Dieses strategische Ziel der Installation einer Marionetten-Regierung scheint sich in den letzten Tagen verändert zu haben. Wegen des größeren Widerstands der Ukrainer werden jetzt auch viel stärker die militärischen Mittel genutzt, die vorher nicht genutzt wurden, zum Beispiel Artillerie, die ja noch viel mehr ziviles Elend hervorrufen, insbesondere dann, wenn es um Kampf in urbanem Raum geht.
Jetzt sieht es so aus, als wolle man Städte einkreisen und damit noch stärker Druck ausüben. Weiterhin scheint ein Ziel zu sein, durch Angriffe im Süden und Osten eine bessere Verhandlungsposition hinsichtlich eines unabhängigen Donbass zu bekommen.
Wie ist Ihre Einschätzung im Hinblick auf die russische Anerkennung der Unabhängigkeit der "Volksrepubliken" Donetzk und der Luhansk?
Reiner Schwalb: Die Anerkennung war eine vollkommene Abkehr der bisherigen Position.
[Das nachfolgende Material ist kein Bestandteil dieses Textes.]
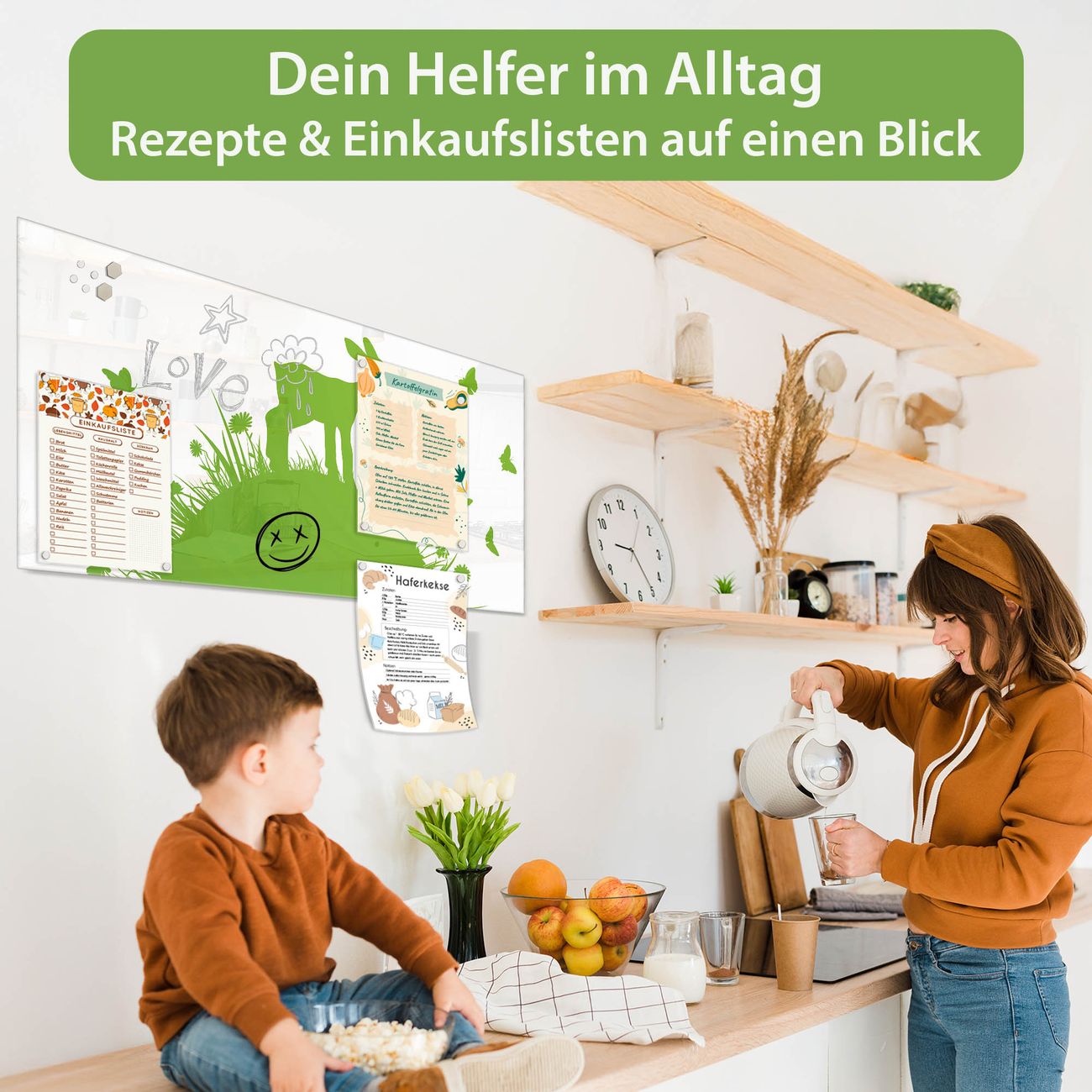 Auf der glatten Glasoberfläche lassen sich Termine, Rezepte oder Notizen ganz einfach mit Kreidestiften festhalten und rückstandslos entfernen. Starke Neodym-Magnete halten Ihre wichtigsten Erinnerungen sicher an Ort und Stelle. So entsteht Ihre ganz persönliche Ideenwand - jeden Tag neu.

Ich denke, es ist bekannt, dass 2015 im Sommer genau diese aufgegeben wurde. Damals gab es ja die Idee eines "Noworossija" unter einem "Präsidenten" Borodai. Diese Idee hatte Russland beendet, weil offensichtlich der Kreml hoffte, seine Ziele, permanenten Einfluss auf ukrainische Außenpolitik und damit auch keine Nato-Mitgliedschaft über das im Februar verhandelte Maßnahmenpaket von Minsk zu erreichen.
Das Maßnahmenpaket beinhaltete die politische Dezentralisierung der Ukraine, einen Kernpunkt, um Einfluss auf die ukrainische Außenpolitik zu bekommen. Die Präsidenten Poroshenko und Selenskij hatten sich von diesen Zielen abgewendet. Dies bedeutete offensichtlich für den Kreml eine wesentliche Lageänderung und er versuchte seine Ziele anders umzusetzen, nämlich jetzt nicht über Ukraine direkt, sondern direkt über die Nato-Russland-Gespräche.
Die Anerkennung der beiden sogenannten Volksrepubliken wiederum gab Putin eine interne Legitimierung für einen möglichen Krieg, denn innerhalb der russischen Bevölkerung gab es ja keine Zustimmung zu einem möglichen Krieg gegen die Ukraine. Auch eine Autokratie bedarf der Zustimmung des Volkes zur Kriegführung – Wie die UdSSR schon in Afghanistan erlebte.
Es genügt eben nicht, um wieder bei Clausewitz zu bleiben, der Pflichtlektüre in der Offiziersausbildung der russischen Streitkräfte ist, dass man den Willen des Führers hat, um Krieg erfolgreich zu führen, sondern man benötigt auch die Fähigkeiten des Militärs und den Willen des Volkes. Der war nicht gegeben. Also hatte man aus meiner Sicht gehofft, über die Legitimation der beiden Volksrepubliken Präsident Selenskij dazu zu bringen, gegen die Republiken Krieg zu führen, also einzumarschieren, anzugreifen.
Der ukrainische Präsident tappte aber nicht in diese Falle. Also hat Putin sich zu dem direkten Angriff entschlossen und den möglichen Widerstand des eigenen Volkes gegen diesen Krieg durch totale Einschränkung der kritischen Medien, von kritischen Stimmen und der Androhung drakonischer Strafen eingehegt.